From the admission to PW1 and PW2, It was suggested by the accused person she may not have known the herb was poisonous as it was given to her by a traditional healer as an antidote for  a dog bite.  I disbelieve this aspect of the defence case because it was clearly an attempt to escape criminal liability by alleging ignorance of the herb’s potency on the grounds it was given to her by someone else.

I am convinced the accused person purposely went to collect Erogorogoet after quarreling with Dodoit mother of the deceased, and intentionally administered it to the child well knowing it was lethal. I am grateful to the assessors for their guidance in confirming that among the Karamojong, Erogorogoet is a lethal poison.

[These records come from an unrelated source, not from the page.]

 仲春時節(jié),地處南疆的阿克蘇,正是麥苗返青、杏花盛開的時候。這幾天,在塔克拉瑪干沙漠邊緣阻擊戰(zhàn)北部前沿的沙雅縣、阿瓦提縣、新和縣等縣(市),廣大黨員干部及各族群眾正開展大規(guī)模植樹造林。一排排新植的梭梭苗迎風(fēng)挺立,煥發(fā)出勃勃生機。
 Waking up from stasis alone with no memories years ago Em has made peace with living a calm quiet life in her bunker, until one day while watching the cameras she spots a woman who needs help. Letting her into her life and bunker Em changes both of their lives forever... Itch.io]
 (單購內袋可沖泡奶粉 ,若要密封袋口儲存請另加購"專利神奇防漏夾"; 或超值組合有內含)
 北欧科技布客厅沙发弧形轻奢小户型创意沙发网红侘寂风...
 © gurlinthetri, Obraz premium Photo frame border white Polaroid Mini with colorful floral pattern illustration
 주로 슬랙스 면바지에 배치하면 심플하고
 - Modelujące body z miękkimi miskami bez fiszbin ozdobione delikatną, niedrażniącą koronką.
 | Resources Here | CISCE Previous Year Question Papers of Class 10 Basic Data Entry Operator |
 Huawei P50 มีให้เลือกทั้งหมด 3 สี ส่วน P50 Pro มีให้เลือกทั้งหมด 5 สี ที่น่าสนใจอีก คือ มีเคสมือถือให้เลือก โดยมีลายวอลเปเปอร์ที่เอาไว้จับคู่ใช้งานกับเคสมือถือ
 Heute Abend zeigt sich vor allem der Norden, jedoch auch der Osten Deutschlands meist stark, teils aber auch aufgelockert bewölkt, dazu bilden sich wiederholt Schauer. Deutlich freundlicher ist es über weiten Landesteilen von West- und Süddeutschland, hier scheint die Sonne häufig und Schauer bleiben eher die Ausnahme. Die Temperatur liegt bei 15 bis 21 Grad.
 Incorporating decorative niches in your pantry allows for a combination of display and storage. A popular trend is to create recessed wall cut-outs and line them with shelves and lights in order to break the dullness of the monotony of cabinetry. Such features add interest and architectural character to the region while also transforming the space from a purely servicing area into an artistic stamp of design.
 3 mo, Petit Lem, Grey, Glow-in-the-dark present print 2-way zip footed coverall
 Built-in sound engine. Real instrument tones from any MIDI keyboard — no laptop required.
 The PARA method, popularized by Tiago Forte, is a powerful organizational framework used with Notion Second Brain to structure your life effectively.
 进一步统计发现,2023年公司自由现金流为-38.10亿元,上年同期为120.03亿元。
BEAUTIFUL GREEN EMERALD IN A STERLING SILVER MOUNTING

The accused person made an unsworn statement in which she denied poisoning the child.

However, I am in agreement with the two assessors that prosecution has proved its case beyond reasonable doubt.  Accused person is accordingly convicted of murder c/s 188 of the penal code as charged.

Before I take leave of this case, it is imperative that State Attorneys  insist on post mortem reports as a matter of course in murder cases prior to committal,  and laboratory report where poisoning  is alleged.  The right to a fair trial demands no effort be spared to secure all material evidence.